S’agissant de la décision portant obligation de quitter le territoire français :
- elle est illégale en raison de l’illégalité de la décision de refus de titre de séjour qu’elle assortit ;
- elle est insuffisamment motivée ;
- elle méconnaît les stipulations de l’article 8 de la convention européenne de sauvegarde des droits de l’homme et des libertés fondamentales ;
- elle est entachée d’une erreur manifeste dans l’appréciation de ses conséquences sur sa situation personnelle.
S’agissant de la décision fixant le pays de destination :
- elle est illégale en raison de l’illégalité des décisions de refus de titre et d’obligation de quitter le territoire qu’elle assortit ;
- elle est insuffisamment motivée ;
- elle méconnaît les stipulations de l’article 8 de la convention européenne de sauvegarde des droits de l’homme et des libertés fondamentales ;
- elle est entachée d’une erreur manifeste dans l’appréciation de ses conséquences sur sa situation personnelle.
Par un mémoire en défense, enregistré le 2 décembre 2025, le préfet de police, représenté par Me Termeau, conclut au rejet de la requête.
Il fait valoir que les moyens soulevés par Mme B… ne sont pas fondés.
Mme B… a été admise au bénéfice de l’aide juridictionnelle totale par une décision du bureau d’aide juridictionnelle près le tribunal judiciaire de Paris du 15 janvier 2026.
Par une ordonnance du 22 décembre 2025, la clôture de l’instruction a été fixée, en dernier lieu, au 12 janvier 2026 à 12h00.
Vu les autres pièces du dossier.
Vu :
- la convention européenne de sauvegarde des droits de l’homme et des libertés fondamentales ;
- le code de l’entrée et du séjour des étrangers et du droit d’asile ;
- la loi n° 91-647 du 10 juillet 1991 ;
- le code de justice administrative.
La présidente de la formation de jugement a dispensé le rapporteur public, sur sa proposition, de prononcer des conclusions à l’audience.
Les parties ont été régulièrement averties du jour de l’audience.
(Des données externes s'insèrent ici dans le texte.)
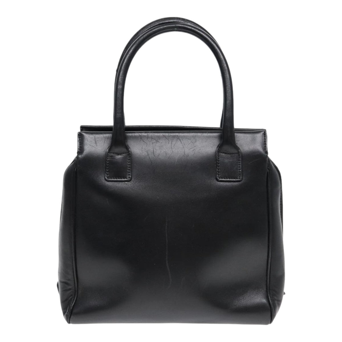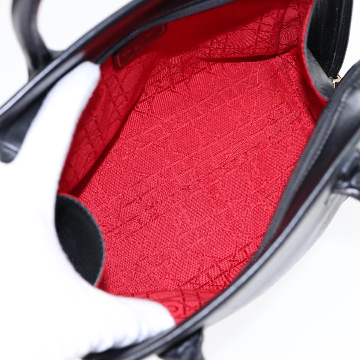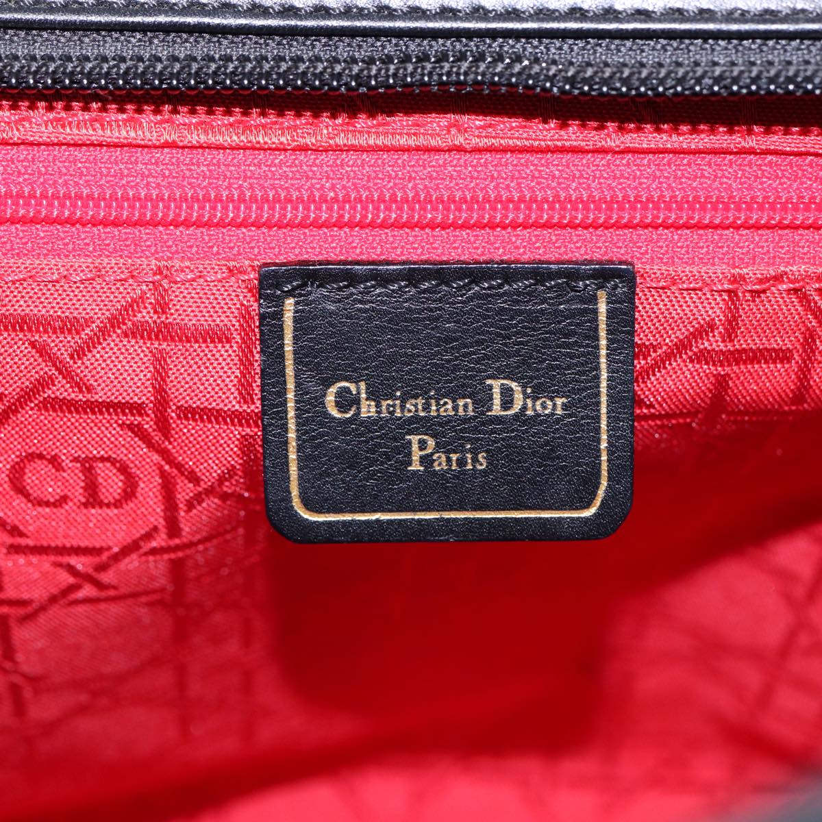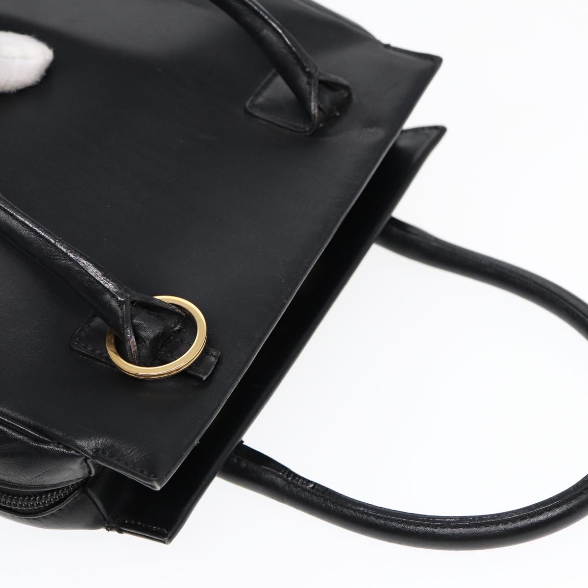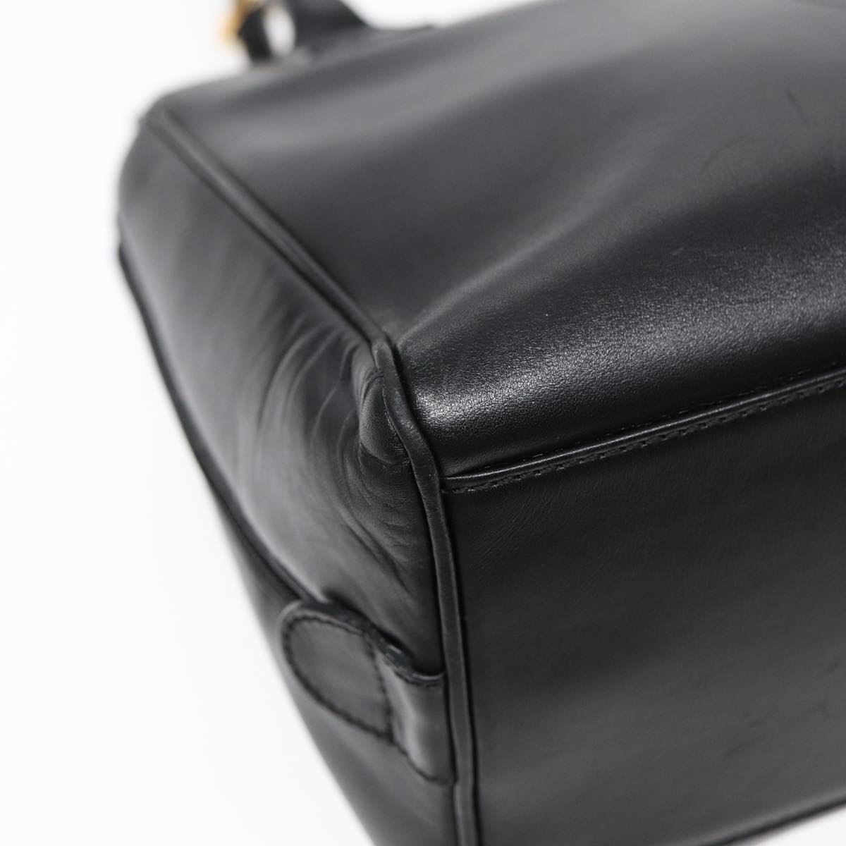CHRISTIAN DIOR Hand Bag Leather Black Gold Auth yk14415
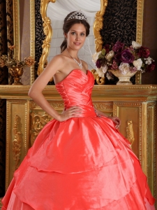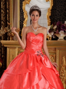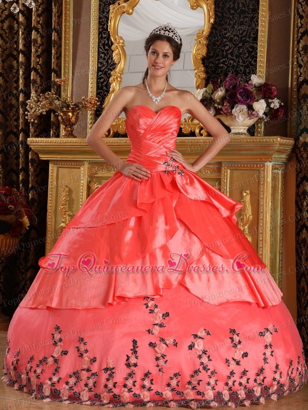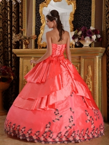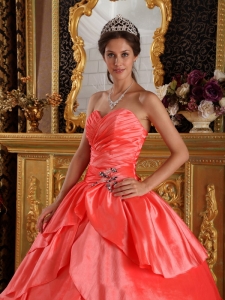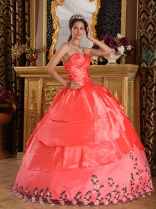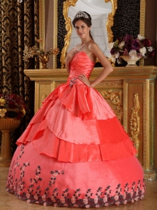 Sweetheart Watermelon Red Appliques Quinceanera Dress

Ont été entendus au cours de l’audience publique :
- le rapport de Mme Topin ;
- et les observations de Me Velut-Peries, avocate de Mme B….
Considérant ce qui suit :
1. Mme B…, ressortissante sénégalaise, née le 13 juin 1990, est entrée en France le 12 décembre 2016, sous couvert d’un visa de court séjour. Elle a sollicité, le 1er novembre 2024, le renouvellement de son titre de séjour, sur le fondement des dispositions des articles L. 423-1 et L. 423-5 du code de l’entrée et du séjour des étrangers et du droit d’asile. Par un arrêté du 18 août 2025, le préfet de police a rejeté sa demande, l’a obligée à quitter le territoire français dans un délai de trente jours et a fixé le pays à destination duquel elle pourra être éloignée. Mme B… demande l’annulation de cet arrêté.
2. En premier lieu, par un arrêté n° 00832 du 26 juin 2025 régulièrement publié au recueil des actes administratifs spécial de la préfecture de Paris le même jour, le préfet de police a donné délégation à M. E… F…, sous-directeur du séjour et de l’accès à la nationalité, pour signer tous arrêtés et décisions dans la limite de ses attributions, en cas d’absence ou d’empêchement des autres délégataires, sans qu’il ressorte des pièces du dossier que ces derniers n’aient pas été absents ou empêchés lorsqu’il a signé l’arrêté attaqué. Par suite, le moyen tiré de l’incompétence de son signataire doit être écarté.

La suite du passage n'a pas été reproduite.